## Work request:
From the first line of the material through the line that holds "Adalah layanan bagi", repeat each line exactly and skip any picture.

## Dataset extract:
_ _ _ _

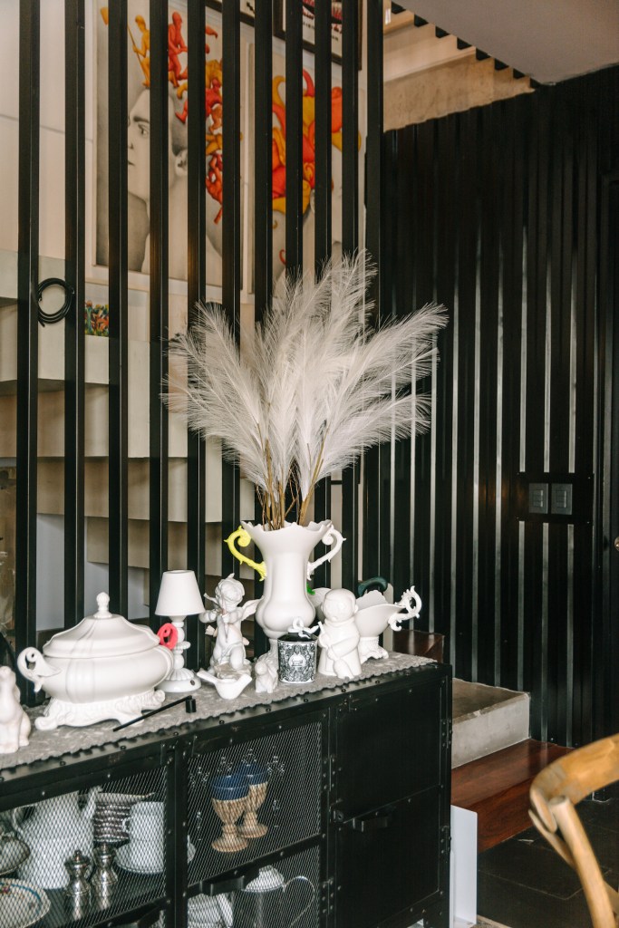 Cal empezó a vivir la cuarentena con los espacios listos, pero los cambios siguieron dándose. Incluso, fueron aún más significativos. Después de un tiempo, decidió abrir todas esas cajas donde guardaba los jarrones, candelabros, bowls y adornos que usaba para sus eventos, y en lugar de tenerlos almacenado y que incluso se malogren, decidió repartir buena parte de ellos por toda su casa. “Me di cuenta que las cosas las teníamos que usar”, explica Cal. “No sabíamos qué iba a pasar, ni siquiera sabíamos si los eventos iban a volver. Así que saqué todo lo que estaba en mi almacén y lo empecé a vivir”.
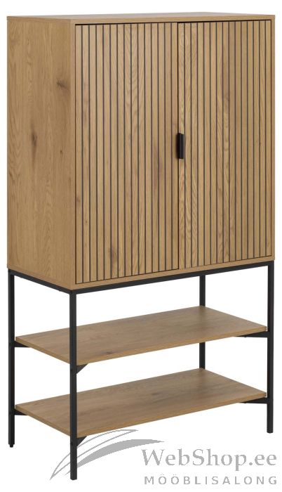 Vaatamata minimalistlikule välimusele on kummut muljetavaldava disainiga. Tamme välimus ja mustad teraselemendid toovad igasse koju kaasaegse ilme. Kummutil on 2 ust ja riiulid, mis pakuvad mugavat hoiuruumi. Elegantsed käepidemed on pulbervärvitud metallist. Kummutil on peen pulbervärvitud metallist alus. Kapi pinnad on kergesti puhastatavad. Mõõdud 80x40xH140cm.
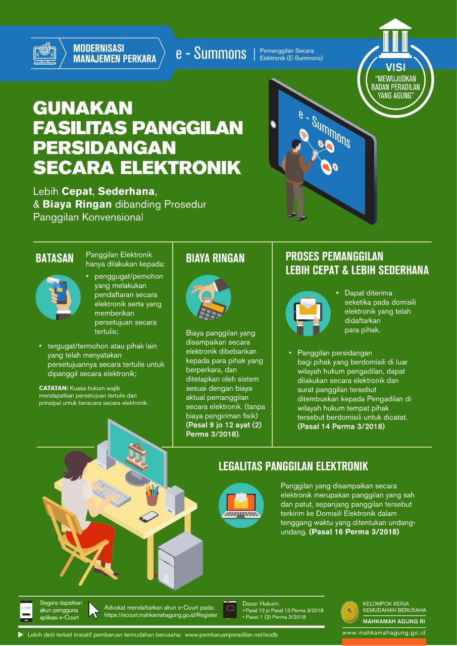 Adalah layanan bagi Pengguna Terdaftar untuk Pendaftaran Perkara Secara Online, Mendapatkan Taksiran Panjar Biaya Perkara secara online, Pembayaran secara online, Pemanggilan yang dilakukan dengan saluran elektronik, dan Persidangan yang dilakukan secara Elektronik.
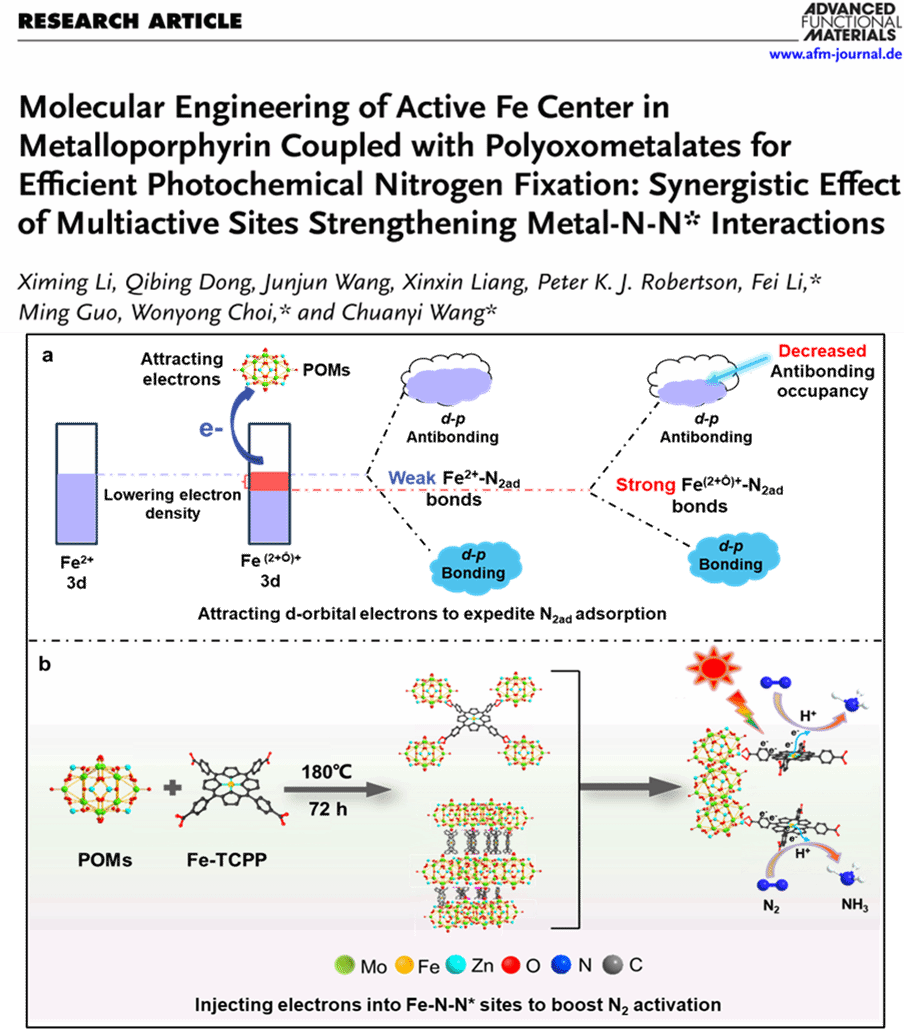 相關(guān)成果以“Molecular engineering of active Fe center in metalloporphyrin coupled with polyoxometalates for efficient photochemical nitrogen fixation: Synergistic effect of multiactive sites strengthening metal-N-N* interactions”為題,發(fā)表在Advanced Functional Materials(IF = 18.5)上。陜西科技大學為論文第一通訊單位,環(huán)境學院2021級博士研究生李喜明為該論文的第一作者,環(huán)境學院王傳義教授為論文通訊作者。

_ _ _ _

## Answer to this problem:
 Cal empezó a vivir la cuarentena con los espacios listos, pero los cambios siguieron dándose. Incluso, fueron aún más significativos. Después de un tiempo, decidió abrir todas esas cajas donde guardaba los jarrones, candelabros, bowls y adornos que usaba para sus eventos, y en lugar de tenerlos almacenado y que incluso se malogren, decidió repartir buena parte de ellos por toda su casa. “Me di cuenta que las cosas las teníamos que usar”, explica Cal. “No sabíamos qué iba a pasar, ni siquiera sabíamos si los eventos iban a volver. Así que saqué todo lo que estaba en mi almacén y lo empecé a vivir”.
 Vaatamata minimalistlikule välimusele on kummut muljetavaldava disainiga. Tamme välimus ja mustad teraselemendid toovad igasse koju kaasaegse ilme. Kummutil on 2 ust ja riiulid, mis pakuvad mugavat hoiuruumi. Elegantsed käepidemed on pulbervärvitud metallist. Kummutil on peen pulbervärvitud metallist alus. Kapi pinnad on kergesti puhastatavad. Mõõdud 80x40xH140cm.
 Adalah layanan bagi Pengguna Terdaftar untuk Pendaftaran Perkara Secara Online, Mendapatkan Taksiran Panjar Biaya Perkara secara online, Pembayaran secara online, Pemanggilan yang dilakukan dengan saluran elektronik, dan Persidangan yang dilakukan secara Elektronik.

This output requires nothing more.